_Extracted information_.
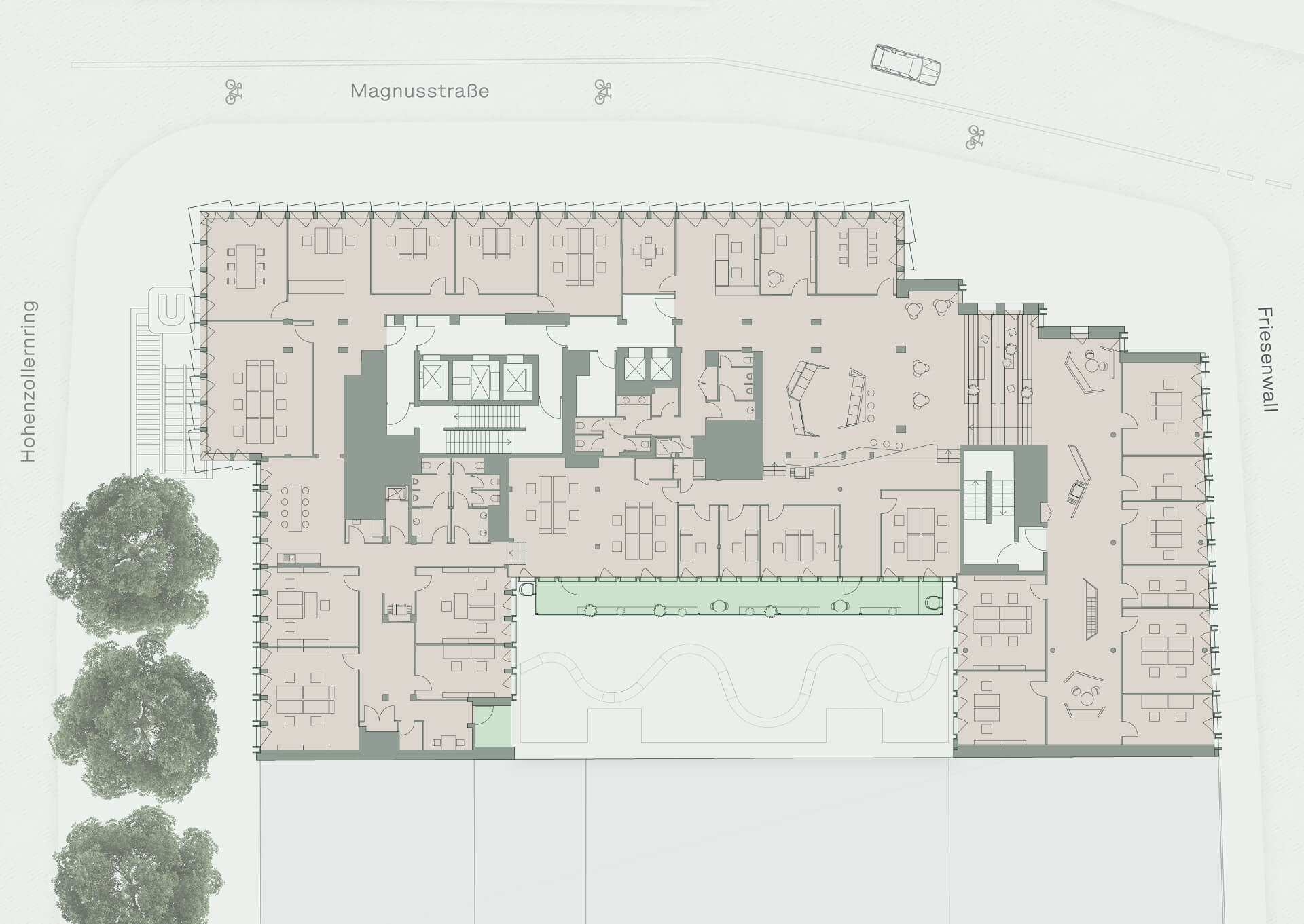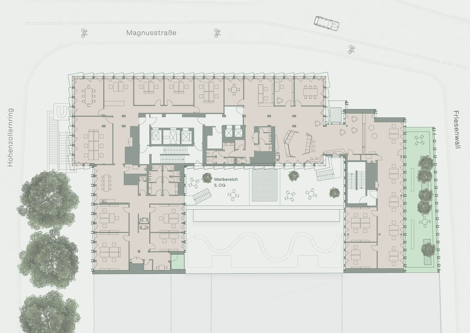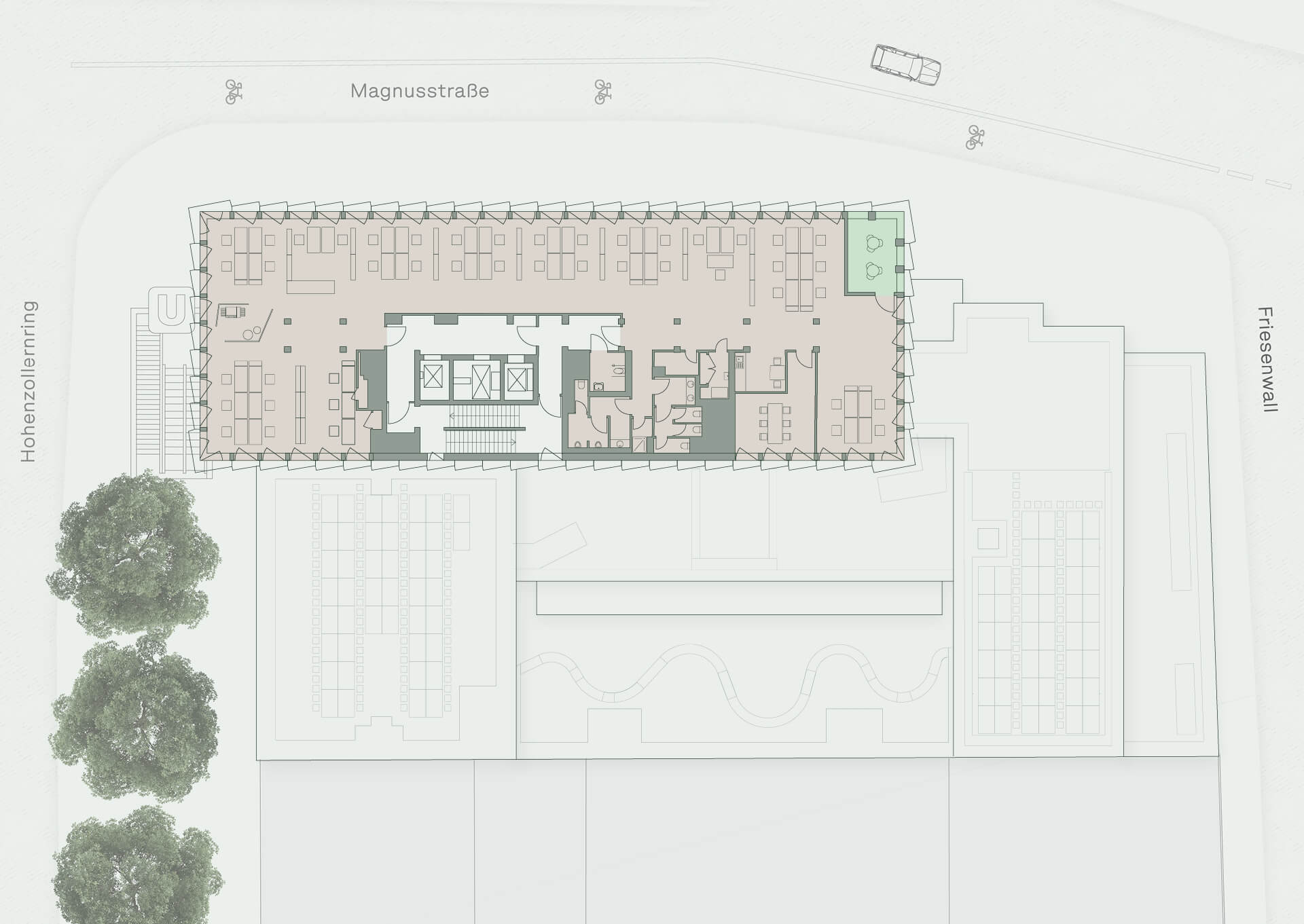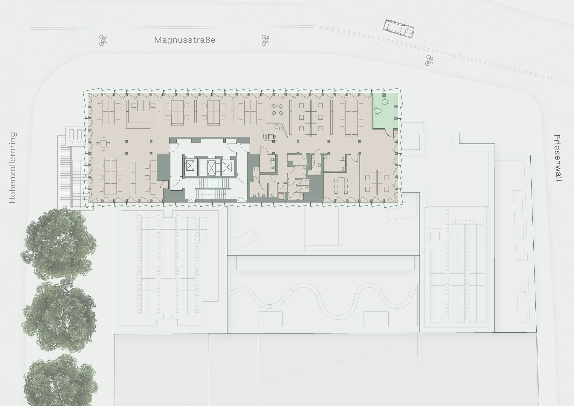 Die flexiblen Mietflächen des CENTRAL CROSS lassen sich auf Ihre individuellen Bedürfnisse anpassen. Die großzügige Begrünung im und am Gebäude schafft ein angenehmes Arbeitsklima.
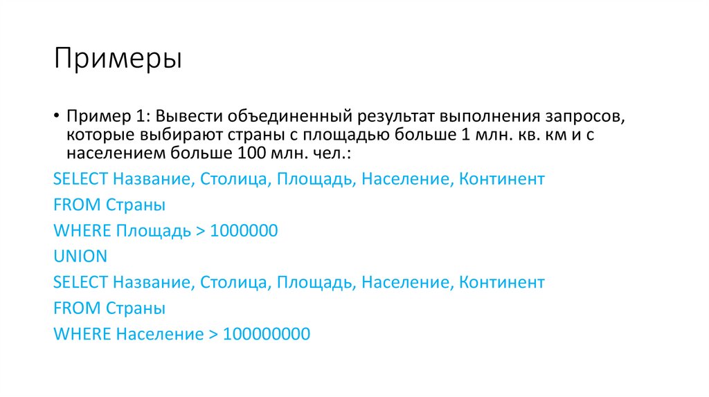 Примеры• Пример 1: Вывести объединенный результат выполнения запросов,
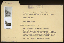 | Description: | Wall fragment, broken all around. Head of siren to left with space fillers in field. Purple paint for eye, hair and wing; incision throughout for figure. On inside a horizontal band of black glaze. Clay dull buff; greenish on inside. | |
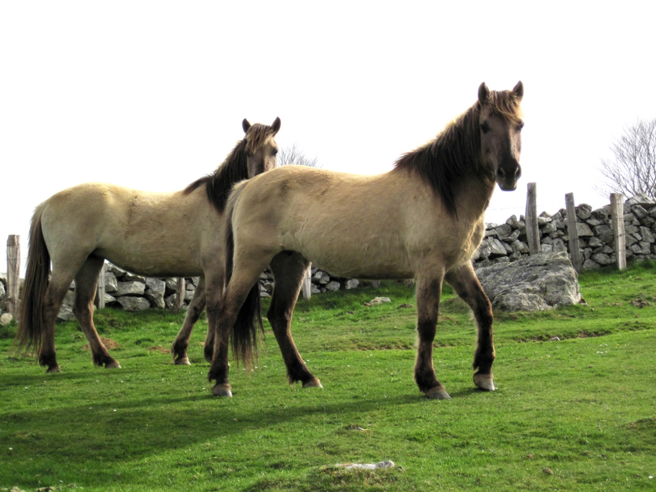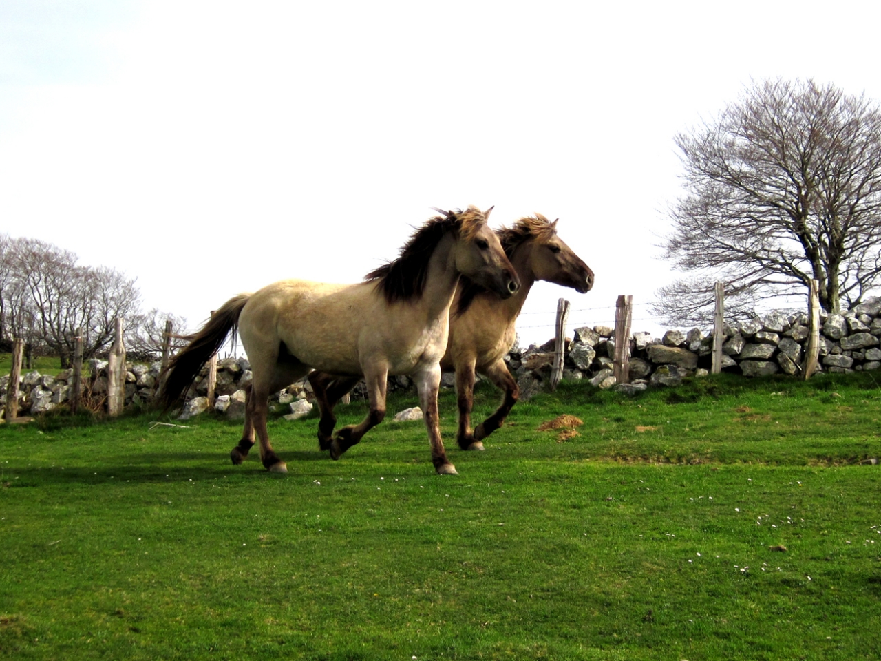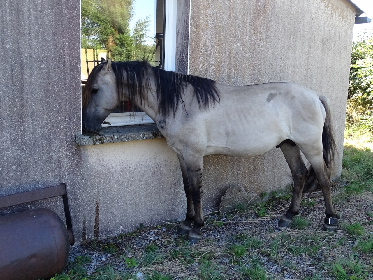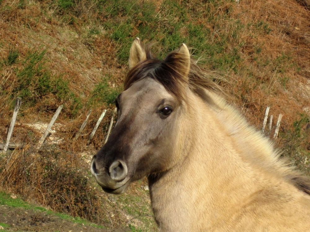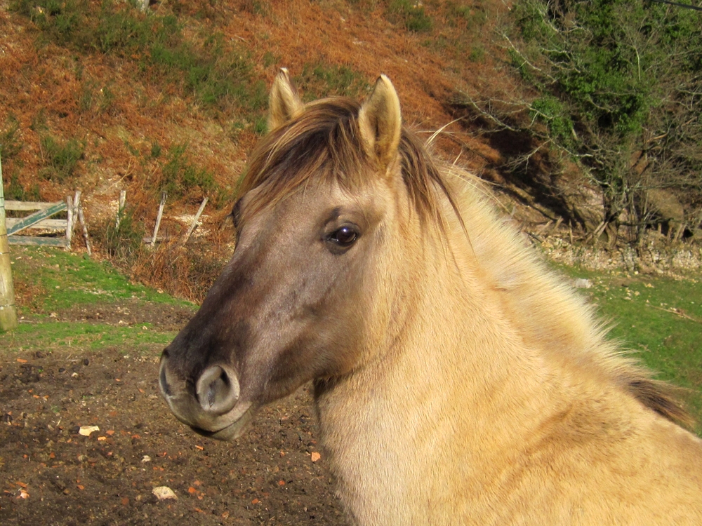 | Dire merci | ... souris, ou autrement dit grullo, bien sûr ! 1er Janvier 2020, 6h, il fait nuit, et la route est très, très calme ! Me voilà partie pour notre nouvelle aventure, deux juments konik polski (ONC, comme la plupart en France ) qui m'attendent dans le Gers. De quoi souhaiter la bonne année à ma famille avec de la couleur dans le van !Retour quelques jours en arrière, où nous fêtions Noël à Toulouse, et qu'au retour, nous faisons un petit détour par Mirande pour y voir ces deux ponettes, trouvées sur Lebonfoin. Prix dérisoire (je ne sais même pas si c'était celui de la boucherie), aller, on y passe juste pour voir, pour ne pas regretter de n'y être pas allés. Mais là, on tombe sur deux ravissantes ponettes, aplombs pas mal du tout, bon dos, plutôt joli modèle pour la race ! La maman, Niagara, 11 ans, a quand même une croupe très "konik polski", un peu plate et assez peu gracieuse. Le reste est très, très convenable. La fille, Aiko, 75% konik polski, 25% sorraia, est plus fine, avec une croupe plus ronde. Moins typée que sa mère. On tente quelques allers-retours en licol pour voir les allures, pas facile de les faire aller droit ni de leur prendre les pieds. Bon, RAS, ce ne sont pas des allures de chevaux allemands de dressage, certes, mais c'est plutôt bien. Bon, et puis, on ne va pas se mentir. La réalité c'est qu'elles nous ont tapé dans l’œil, et surtout dans le cœur. Entre Niagara qui faisait des freu-freu à notre fille de 5 ans dès qu'elle s'en éloignait, et Aiko qui faisait du charme à mon mec, elles nous ont mis d'accord. Alors voilà, affaire conclue. Deux portraits en sortie du van, jour 1 (1er janvier 2020, donc !) Aiko ![]() Niagara ![]() Après quelques semaines avec nous pour faire connaissance, les pré-débourrer (monter dessus à l'arrêt, aides de base au pas), les vacciner, on les a envoyées en montagne, qui sera leur habitat à l'année, sauf pour les mises bas et les saillies. Premières minutes de liberté ![]() ![]() ![]() Niveau allures, ce n'est pas St Georges, mais c'est plaisant quand même à regarder ![]() ![]() Deux licornes ??? ![]() Les modèles : ![]() |
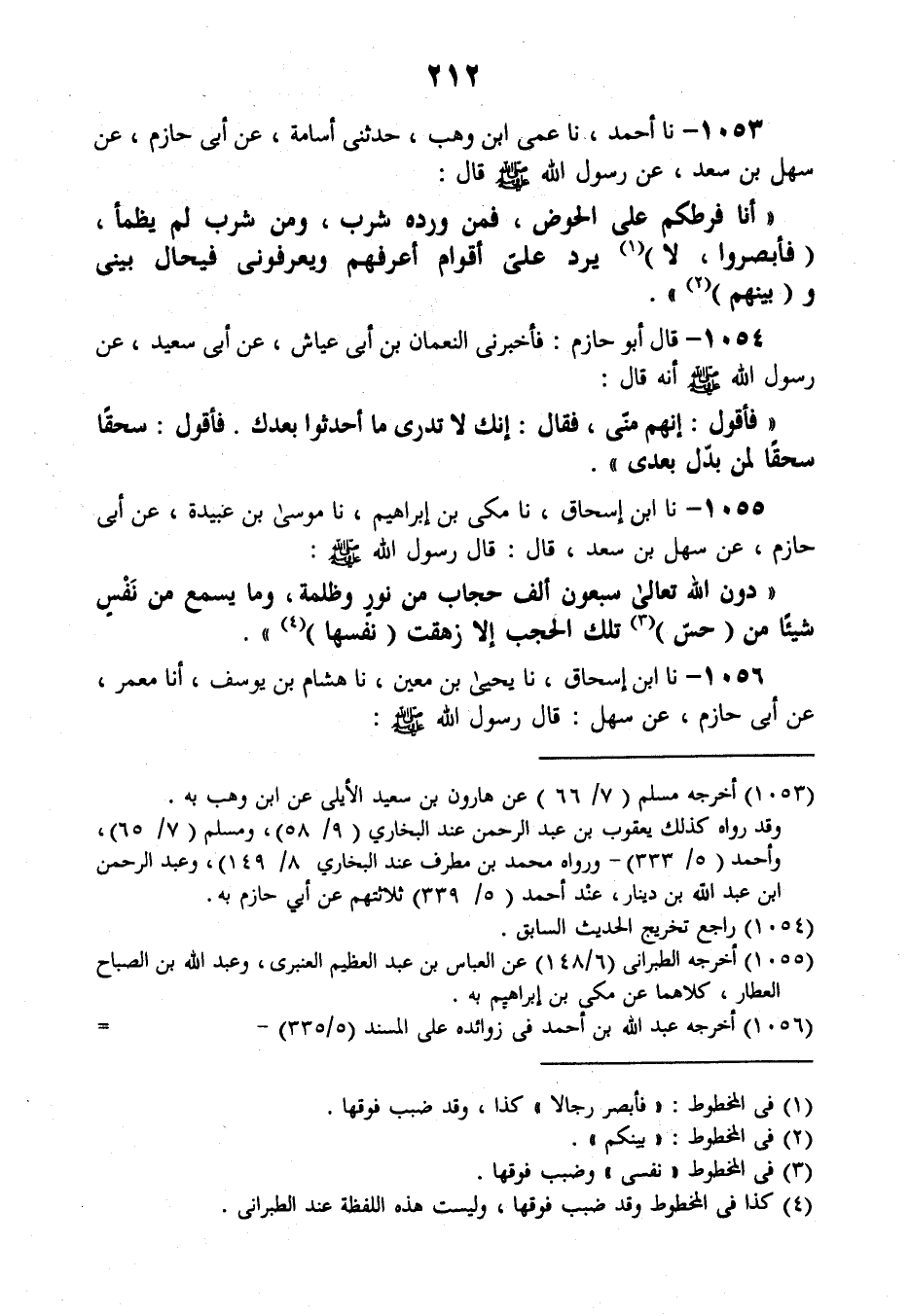 1053 - نَا أَحْمَدُ، نَا عَمِّي ابْنُ وَهْبٍ، حَدَّثَنِي أُسَامَةُ، عَنْ أَبِي حَازِمٍ , عَنْ سَهْلِ بْنِ سَعْدٍ، عَنْ رَسُولِ اللَّهِ صَلَّى اللهُ عَلَيْهِ وَسَلَّمَ قَالَ: «§أَنَا فَرَطُكُمْ عَلَى الْحَوْضِ، فَمَنْ وَرَدَهُ شَرِبَ، وَمَنْ شَرِبَ لَمْ يَظْمَأْ، فَأَبْصِرُوا لَا يَرِدُ عَلَيَّ أَقْوَامٌ أَعْرِفُهُمْ وَيَعْرِفُونِي فَيُحَالُ بَيْنِي وَبَيْنَهُمْ»
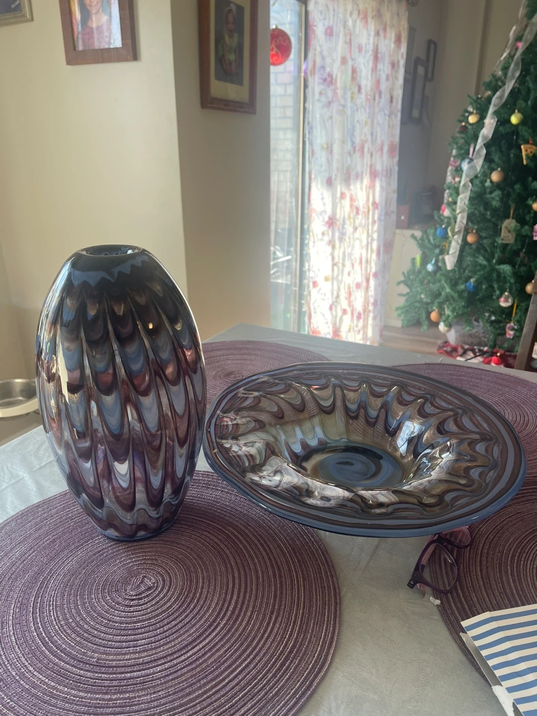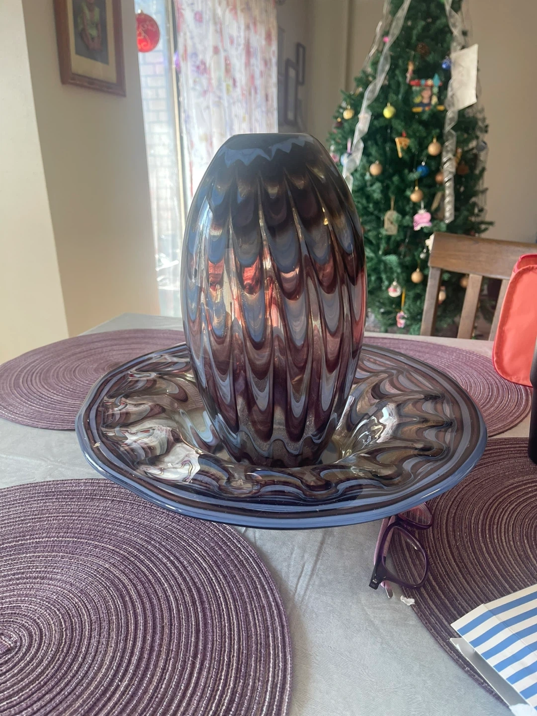 Beautiful Murano art glass vase and bowl set! The set features a unique swirl pattern in shades of blue, brown, and white. The vase is oval-shaped, and the bowl complements it perfectly. This set would make a stunning centerpiece or addition to any art glass collection
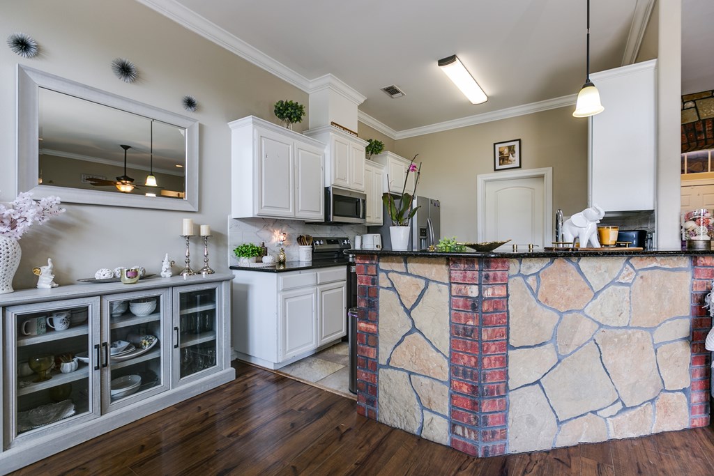 A Perfect Family Retreat! Welcome to this beautiful 4-bedroom, 2-bath home in Buffalo Heights, where comfort and style meet. The stunning stone exterior sets the tone as you enter the inviting living space, complete with stone accents that add warmth and character throughout the home. The kitchen is a chef's dream, featuring elegant cabinetry and gorgeous granite countertops. Step outside to discover your own private oasis! The expansive 35x30 workshop is equipped with 220-volt electricity, offering endless possibilities for hobbies or projects. The carport provides convenient covered parking, and the spacious patio area is perfect for relaxing or entertaining. The front yard showcases low-maintenance landscaping designed by Scherz, giving the home great curb appeal with minimal upkeep. All of this sits on a generous 1-acre lot, offering plenty of room to roam and enjoy the outdoors. Don't miss out on this beautiful home with all the amenities. Call to schedule your showing today.
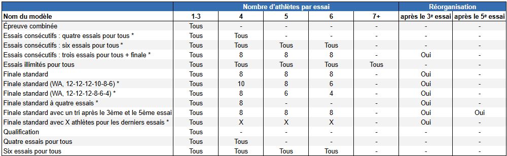 Qualification : maximum 3 essais ; l’athlète s’arrête après avoir atteint la marque de qualification (si Q est définie).
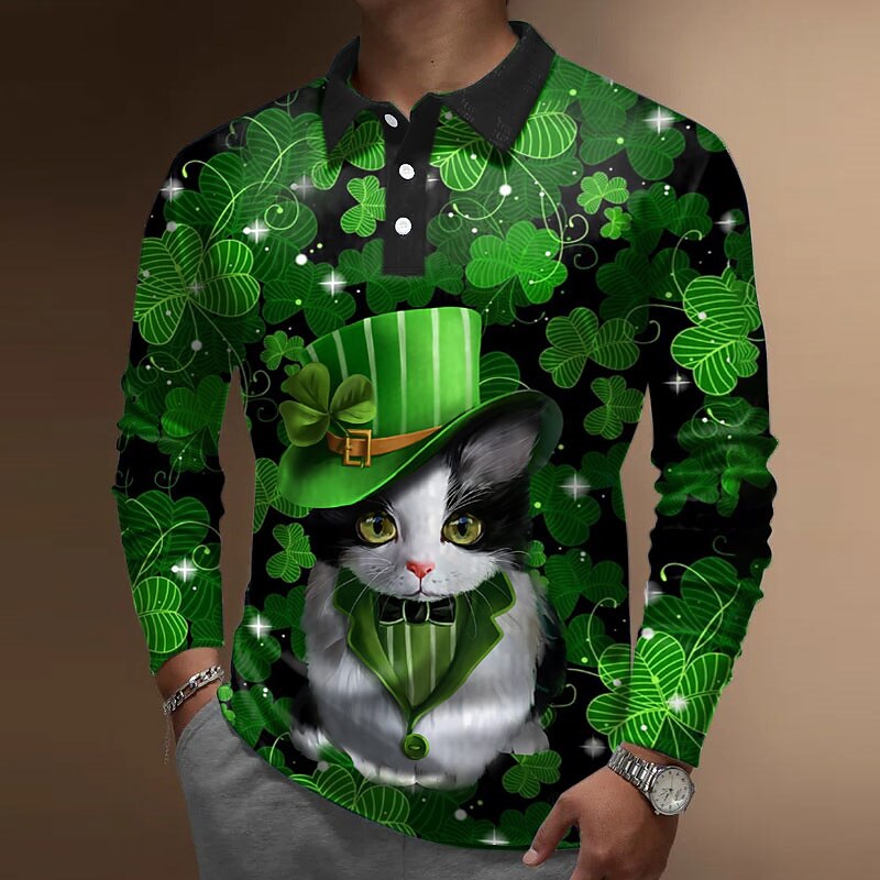 Men's Cat Saint Patrick Day Long Sleeve Polo Shirt
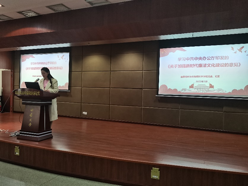 发布时间: 2022-04-08 10:46:40 已阅读:为认真落实新形势下全面从严治党新部署新要求,突出理想信念、政治素养教育,切实强化纪律规矩意识,筑牢党员干部和教职员工廉洁自律的思想防线,3月4日,色情小说 党委、纪委开展廉政警示教育培训,组织色情小说党委党员干部和教职员工集中学习中央办公厅《关于加强新时代廉洁文化建设的意见》(以下简称《意见》),并运用落实中央八项规定精神、严格科研经费管理、遵守学术道德规范等方面的典型案例开展警示教育。

_Exercise details_. Copy everything above from the line holding "A Perfect Family" down to the line holding "Men's Cat Saint", both ends included, exactly as it stands and without the pictures.

_Your response_.
 A Perfect Family Retreat! Welcome to this beautiful 4-bedroom, 2-bath home in Buffalo Heights, where comfort and style meet. The stunning stone exterior sets the tone as you enter the inviting living space, complete with stone accents that add warmth and character throughout the home. The kitchen is a chef's dream, featuring elegant cabinetry and gorgeous granite countertops. Step outside to discover your own private oasis! The expansive 35x30 workshop is equipped with 220-volt electricity, offering endless possibilities for hobbies or projects. The carport provides convenient covered parking, and the spacious patio area is perfect for relaxing or entertaining. The front yard showcases low-maintenance landscaping designed by Scherz, giving the home great curb appeal with minimal upkeep. All of this sits on a generous 1-acre lot, offering plenty of room to roam and enjoy the outdoors. Don't miss out on this beautiful home with all the amenities. Call to schedule your showing today.
 Qualification : maximum 3 essais ; l’athlète s’arrête après avoir atteint la marque de qualification (si Q est définie).
 Men's Cat Saint Patrick Day Long Sleeve Polo Shirt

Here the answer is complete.